EXERCISE INPUT:

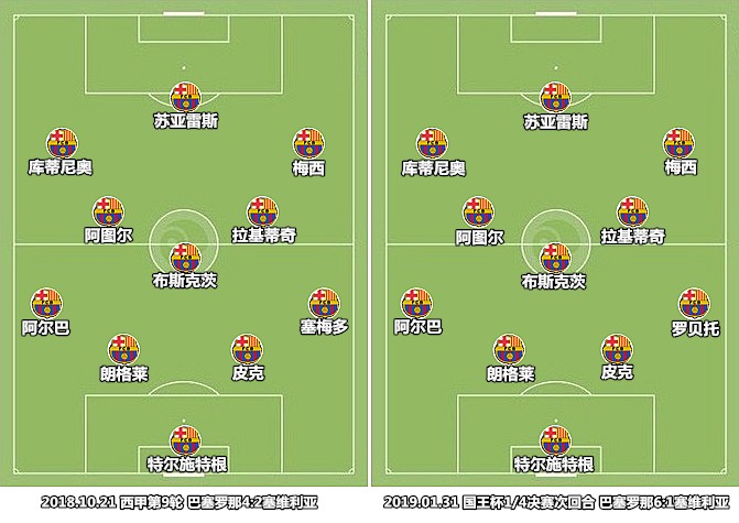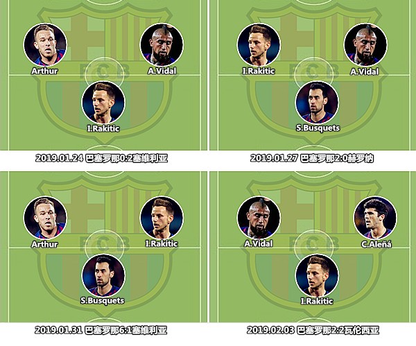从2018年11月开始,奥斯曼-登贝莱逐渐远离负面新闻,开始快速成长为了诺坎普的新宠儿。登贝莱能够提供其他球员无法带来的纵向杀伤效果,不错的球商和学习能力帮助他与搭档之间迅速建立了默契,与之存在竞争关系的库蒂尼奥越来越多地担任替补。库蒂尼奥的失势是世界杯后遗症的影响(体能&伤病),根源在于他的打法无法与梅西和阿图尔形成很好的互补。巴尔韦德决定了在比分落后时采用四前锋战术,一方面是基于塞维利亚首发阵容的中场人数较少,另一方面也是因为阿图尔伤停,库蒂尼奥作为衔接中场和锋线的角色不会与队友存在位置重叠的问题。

* * *

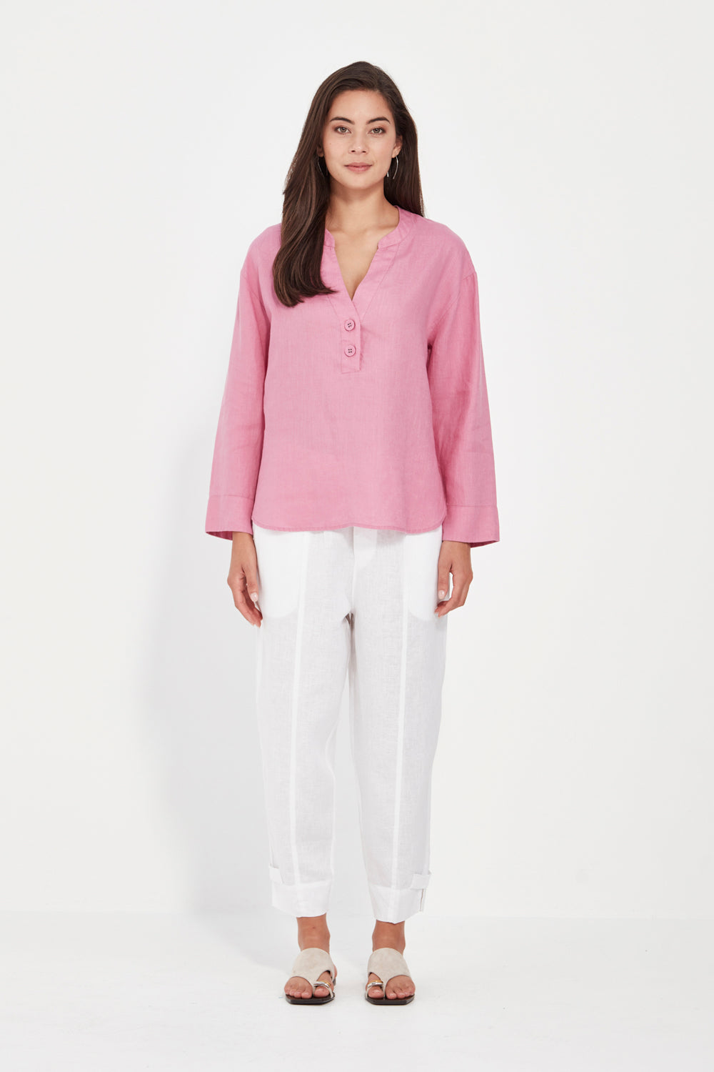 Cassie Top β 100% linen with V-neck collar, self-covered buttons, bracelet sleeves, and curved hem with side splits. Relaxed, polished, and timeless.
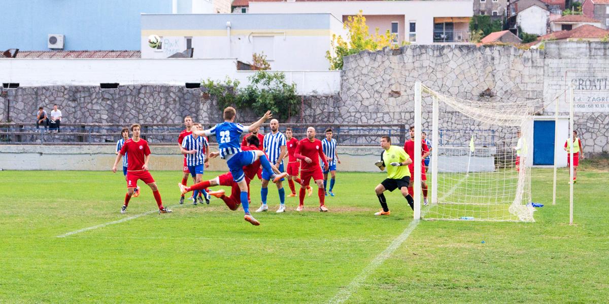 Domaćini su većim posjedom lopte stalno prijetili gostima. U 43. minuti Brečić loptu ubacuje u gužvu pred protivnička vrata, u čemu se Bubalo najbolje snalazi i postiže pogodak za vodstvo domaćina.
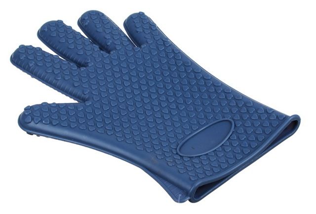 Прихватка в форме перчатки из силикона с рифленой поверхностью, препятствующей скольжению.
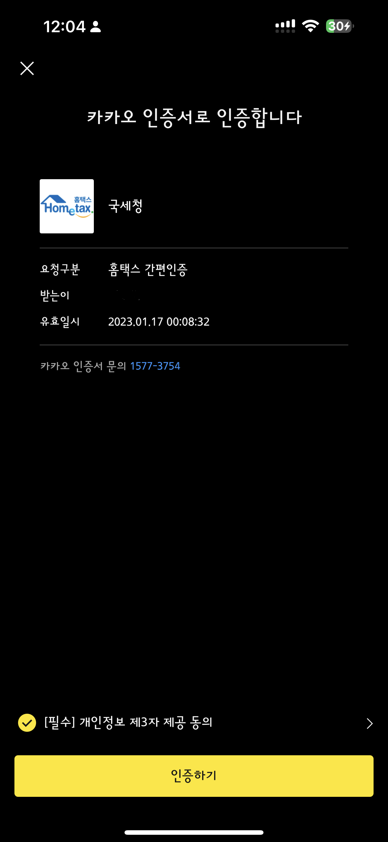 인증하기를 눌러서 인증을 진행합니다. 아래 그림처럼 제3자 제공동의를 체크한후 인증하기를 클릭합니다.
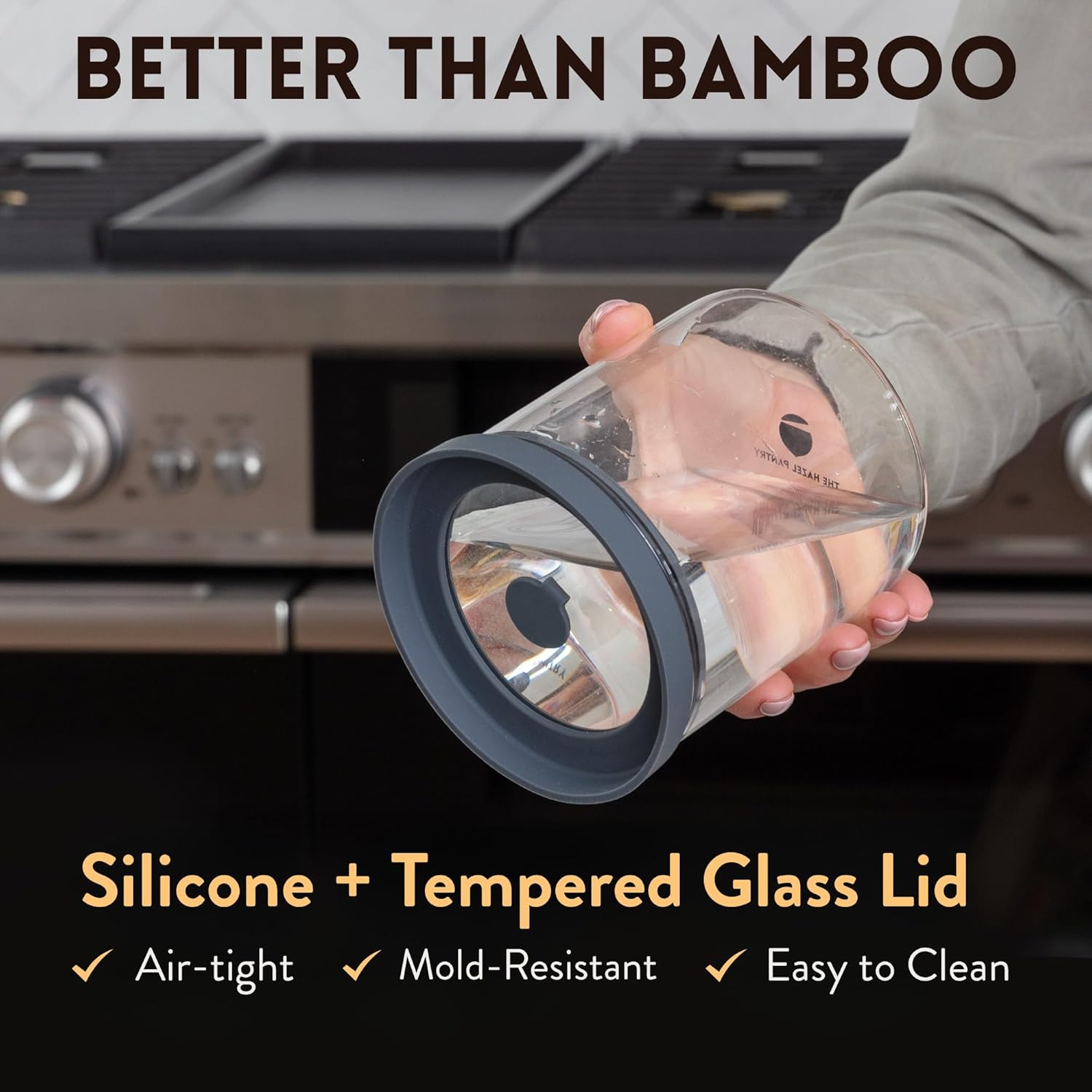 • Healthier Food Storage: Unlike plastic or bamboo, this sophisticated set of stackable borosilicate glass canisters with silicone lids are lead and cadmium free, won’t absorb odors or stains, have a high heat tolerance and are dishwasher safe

---

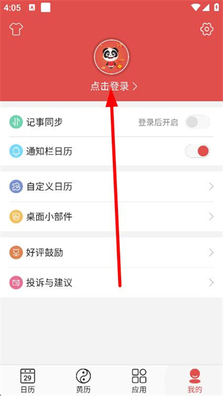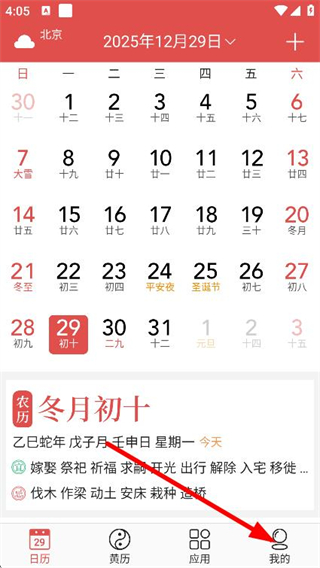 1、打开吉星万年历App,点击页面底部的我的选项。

WHAT IS EXPECTED:
Look above for the line containing "인증하기를 눌러서 인증을" and the line containing "are dishwasher safe", then reproduce both and everything between them exactly, pictures omitted.

SOLUTION FOR THIS TASK:
 인증하기를 눌러서 인증을 진행합니다. 아래 그림처럼 제3자 제공동의를 체크한후 인증하기를 클릭합니다.
 • Healthier Food Storage: Unlike plastic or bamboo, this sophisticated set of stackable borosilicate glass canisters with silicone lids are lead and cadmium free, won’t absorb odors or stains, have a high heat tolerance and are dishwasher safe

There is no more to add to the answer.